_ASSIGNMENT_
Please, from the entries below, transcribe exactly the lines that begin at the line with "在會(huì)上,中國(gu" and end at the line with "總臺(tái)央視記者 張叢", without the pictures.

_EXTRACTED INFORMATION_

........

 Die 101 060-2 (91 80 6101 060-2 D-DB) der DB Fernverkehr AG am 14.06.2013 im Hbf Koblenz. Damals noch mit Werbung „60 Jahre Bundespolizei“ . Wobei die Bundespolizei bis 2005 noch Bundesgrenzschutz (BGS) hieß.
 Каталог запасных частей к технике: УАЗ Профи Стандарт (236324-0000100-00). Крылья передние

........

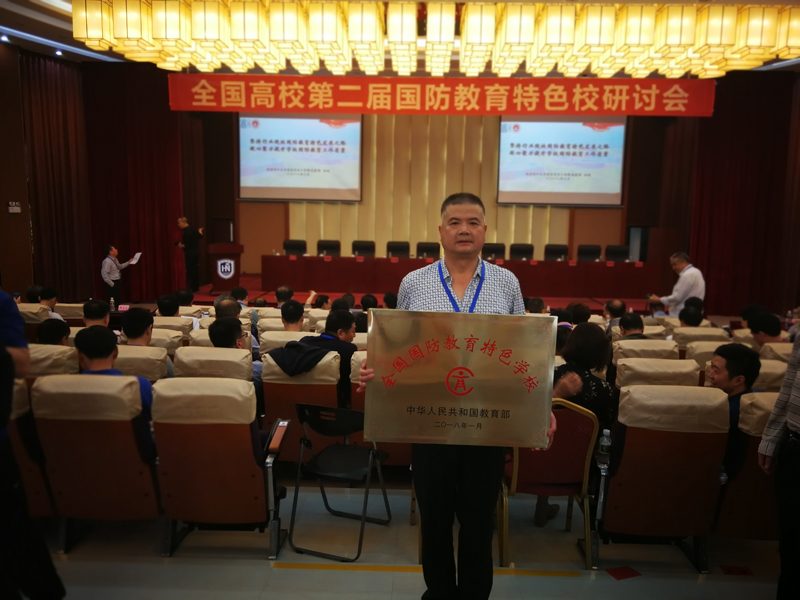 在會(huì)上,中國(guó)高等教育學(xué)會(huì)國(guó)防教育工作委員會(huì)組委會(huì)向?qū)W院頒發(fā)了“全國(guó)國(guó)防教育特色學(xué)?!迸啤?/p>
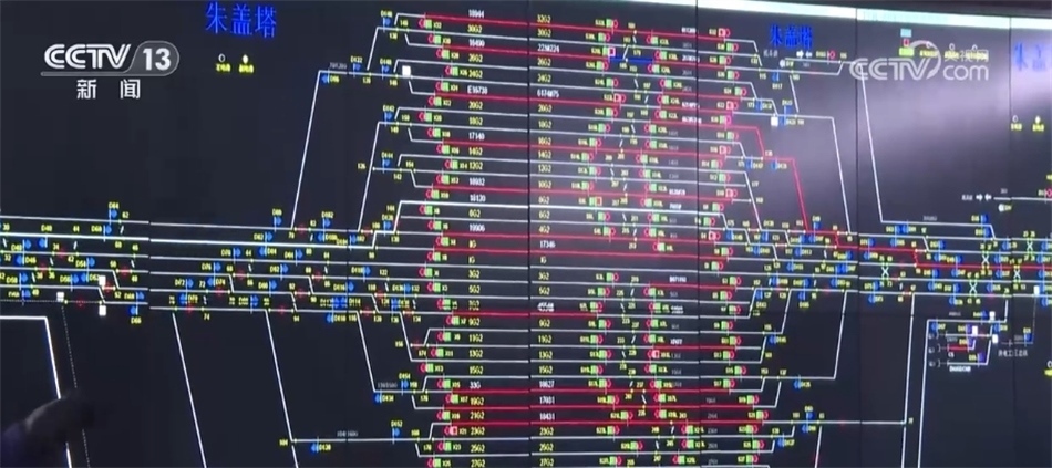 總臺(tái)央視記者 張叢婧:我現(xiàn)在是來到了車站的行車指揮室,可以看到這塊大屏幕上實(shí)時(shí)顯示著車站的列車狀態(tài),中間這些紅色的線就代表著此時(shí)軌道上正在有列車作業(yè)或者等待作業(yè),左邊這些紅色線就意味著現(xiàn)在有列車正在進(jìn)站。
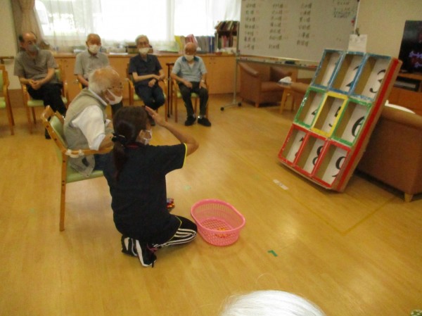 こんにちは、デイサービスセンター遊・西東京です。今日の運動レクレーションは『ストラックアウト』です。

........

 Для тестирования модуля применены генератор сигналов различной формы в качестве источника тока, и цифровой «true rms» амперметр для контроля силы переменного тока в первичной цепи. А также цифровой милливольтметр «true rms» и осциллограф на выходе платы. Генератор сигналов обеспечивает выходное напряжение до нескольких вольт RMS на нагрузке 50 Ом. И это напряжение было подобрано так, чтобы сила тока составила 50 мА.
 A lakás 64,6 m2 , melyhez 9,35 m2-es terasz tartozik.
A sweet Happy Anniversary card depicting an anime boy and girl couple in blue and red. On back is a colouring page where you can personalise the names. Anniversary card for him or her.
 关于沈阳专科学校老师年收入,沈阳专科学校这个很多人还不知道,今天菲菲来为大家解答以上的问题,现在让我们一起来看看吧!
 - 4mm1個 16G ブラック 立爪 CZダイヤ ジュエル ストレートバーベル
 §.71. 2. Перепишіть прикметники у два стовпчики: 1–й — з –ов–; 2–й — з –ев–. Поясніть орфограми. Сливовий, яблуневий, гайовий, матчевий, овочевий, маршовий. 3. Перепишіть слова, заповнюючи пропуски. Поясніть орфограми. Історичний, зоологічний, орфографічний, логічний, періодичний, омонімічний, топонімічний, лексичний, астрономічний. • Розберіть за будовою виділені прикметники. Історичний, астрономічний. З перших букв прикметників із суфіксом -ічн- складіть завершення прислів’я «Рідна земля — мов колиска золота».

........

_YOUR SOLUTION_
 在會(huì)上,中國(guó)高等教育學(xué)會(huì)國(guó)防教育工作委員會(huì)組委會(huì)向?qū)W院頒發(fā)了“全國(guó)國(guó)防教育特色學(xué)?!迸啤?/p>
 總臺(tái)央視記者 張叢婧:我現(xiàn)在是來到了車站的行車指揮室,可以看到這塊大屏幕上實(shí)時(shí)顯示著車站的列車狀態(tài),中間這些紅色的線就代表著此時(shí)軌道上正在有列車作業(yè)或者等待作業(yè),左邊這些紅色線就意味著現(xiàn)在有列車正在進(jìn)站。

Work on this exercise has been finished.